Cost columns assume moderate retail volumes: 500 runs per night for (a), 2,000 real-time queries per day for (b), 20 peer-comparison runs per week for (c). The Token Cost Optimizer rescales any row to a different volume and vendor mix.

Reading the table

Three patterns repeat across the ten rows. First, latency is the dominant filter. Scenario (b) forbids Opus-class because a 6-9 second P95 makes an earnings-reaction summariser unusable; scenario (a) admits Opus-class on cost but the scenario's overnight window removes the latency gate entirely. Second, output-token share matters more than input-token share at Opus-class pricing. Scenario (g)'s 300-token JSON output looks negligible against 35k input, but at Opus output rates the JSON is a quarter of the per-call cost. Third, the batch-mode 50 percent discount reshapes the decision for any workload with tolerance for a 24-hour delivery window; scenarios (a) and (e) both assume batch, which drops the Sonnet-class quote into Haiku-class real-time territory.

The table lists a single recommended tier per row for readability, but every row in practice has a primary and a fallback candidate. Scenario (c) is Opus-class first, Sonnet-1M second; scenario (f) is Sonnet-class first, GPT-5-mini second. The fallback exists because vendor outages happen and because model-family updates can invalidate a primary choice mid-quarter.

The decision tree

The scenario table above is the human-readable version. The machine-readable version is a 30-line function that takes task shape and budget and returns a ranked shortlist.

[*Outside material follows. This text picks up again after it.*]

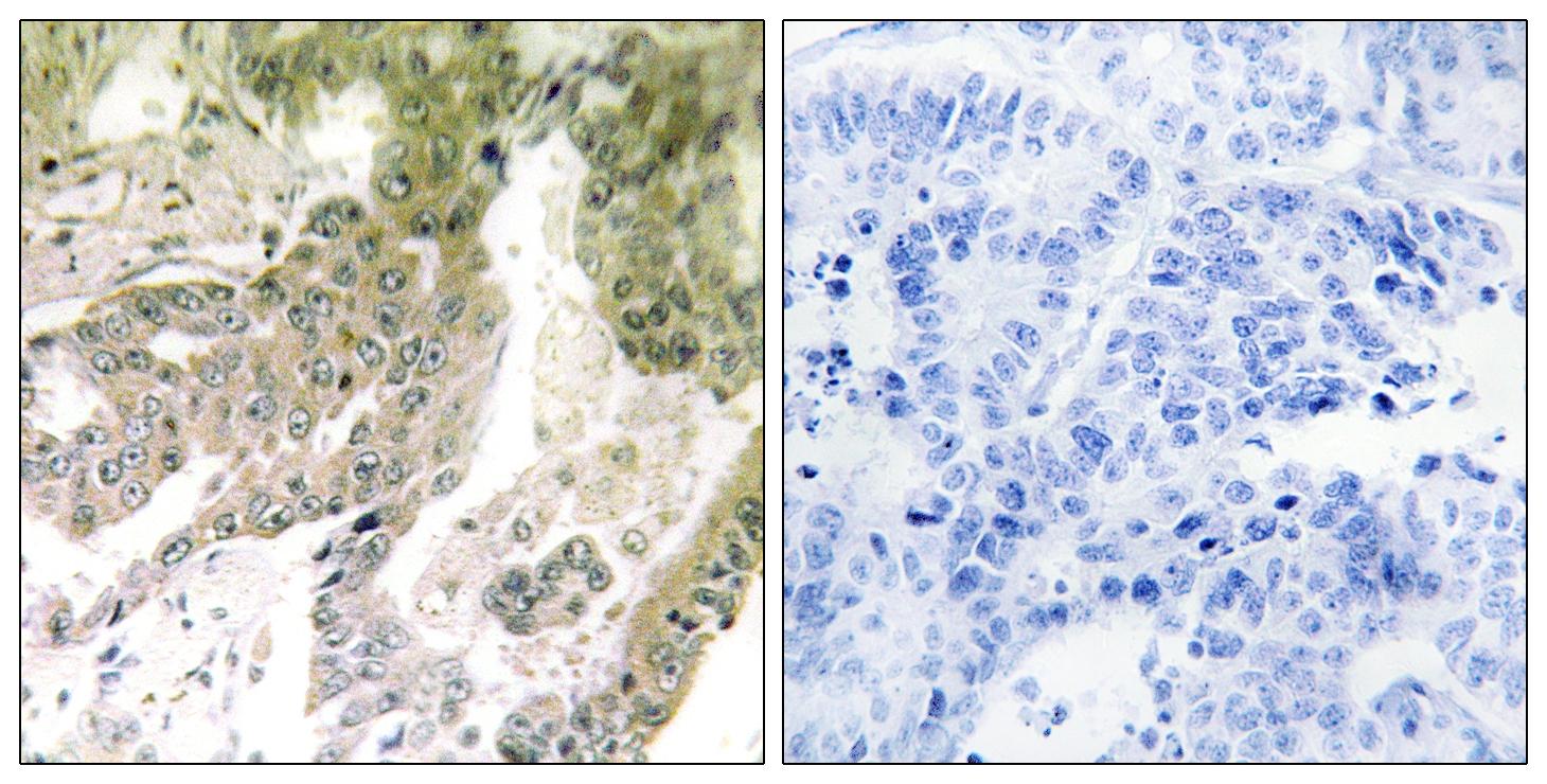 Immunohistochemistry analysis of paraffin-embedded human lung carcinoma tissue, using LAMA5 Antibody. The picture on the right is blocked with the synthesized peptide.

The function below reads a static catalogue of 2026-04 published rates and context limits and produces the shortlist deterministically. It is not a substitute for the eval step; it narrows the candidate set that the eval harness runs against.

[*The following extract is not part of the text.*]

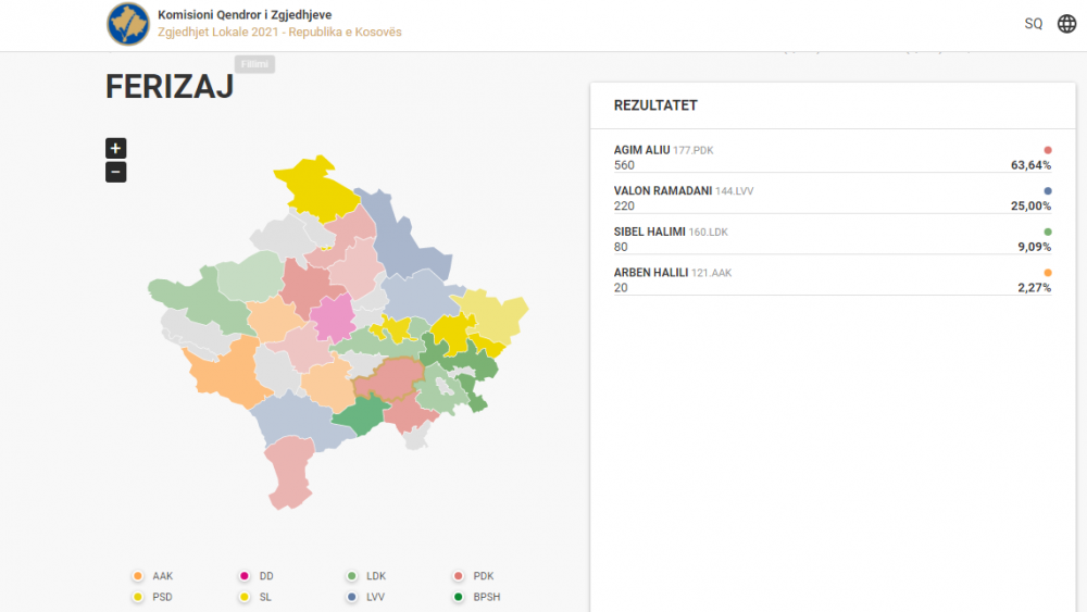 Deri në orën 19:51, sipas të dhënave të KQZ-së, në Ferizaj i pari me vota po prin Agim Aliu i Partisë Demokratike të Kosovës me 63.64% të votave, ose 560 vota.

from dataclasses import dataclass

@dataclass
class Model:
    tier: str
    vendor: str
    in_price_per_mtok: float   # USD per 1M input tokens
    out_price_per_mtok: float  # USD per 1M output tokens
    context_tokens: int
    p95_latency_ms: int
    supports_batch: bool

CATALOGUE = [
    Model("haiku",     "anthropic", 1.00, 5.00,  200_000,  1200, True),
    Model("sonnet",    "anthropic", 3.00, 15.00, 200_000,  3500, True),
    Model("sonnet-1m", "anthropic", 6.00, 22.50, 1_000_000, 4500, True),
    Model("opus",      "anthropic", 15.0, 75.00, 200_000,  9000, True),
    Model("gpt5-mini", "openai",    0.25, 2.00,  400_000,  2500, True),
    Model("gpt5",      "openai",    1.25, 10.00, 400_000,  6000, True),
    Model("gemini-flash", "google", 0.30, 2.50,  1_000_000, 2800, True),
    Model("gemini-pro",   "google", 1.25, 10.00, 2_000_000, 5500, True),
]

def select(task_in_tok: int, task_out_tok: int, latency_ms: int,
           monthly_budget_usd: float, runs_per_month: int,
           needs_structured: bool = False) -> list:
    shortlist = []
    for m in CATALOGUE:
        if task_in_tok + task_out_tok > m.context_tokens:
            continue
        if m.p95_latency_ms > latency_ms:
            continue
        cost_per_run = (task_in_tok * m.in_price_per_mtok
                        + task_out_tok * m.out_price_per_mtok) / 1_000_000
        monthly_cost = cost_per_run * runs_per_month
        if m.supports_batch and latency_ms > 60_000:
            monthly_cost *= 0.5  # batch discount
        if monthly_cost > monthly_budget_usd:
            continue
        shortlist.append((m.tier, m.vendor, round(monthly_cost, 2)))
    return sorted(shortlist, key=lambda x: x[2])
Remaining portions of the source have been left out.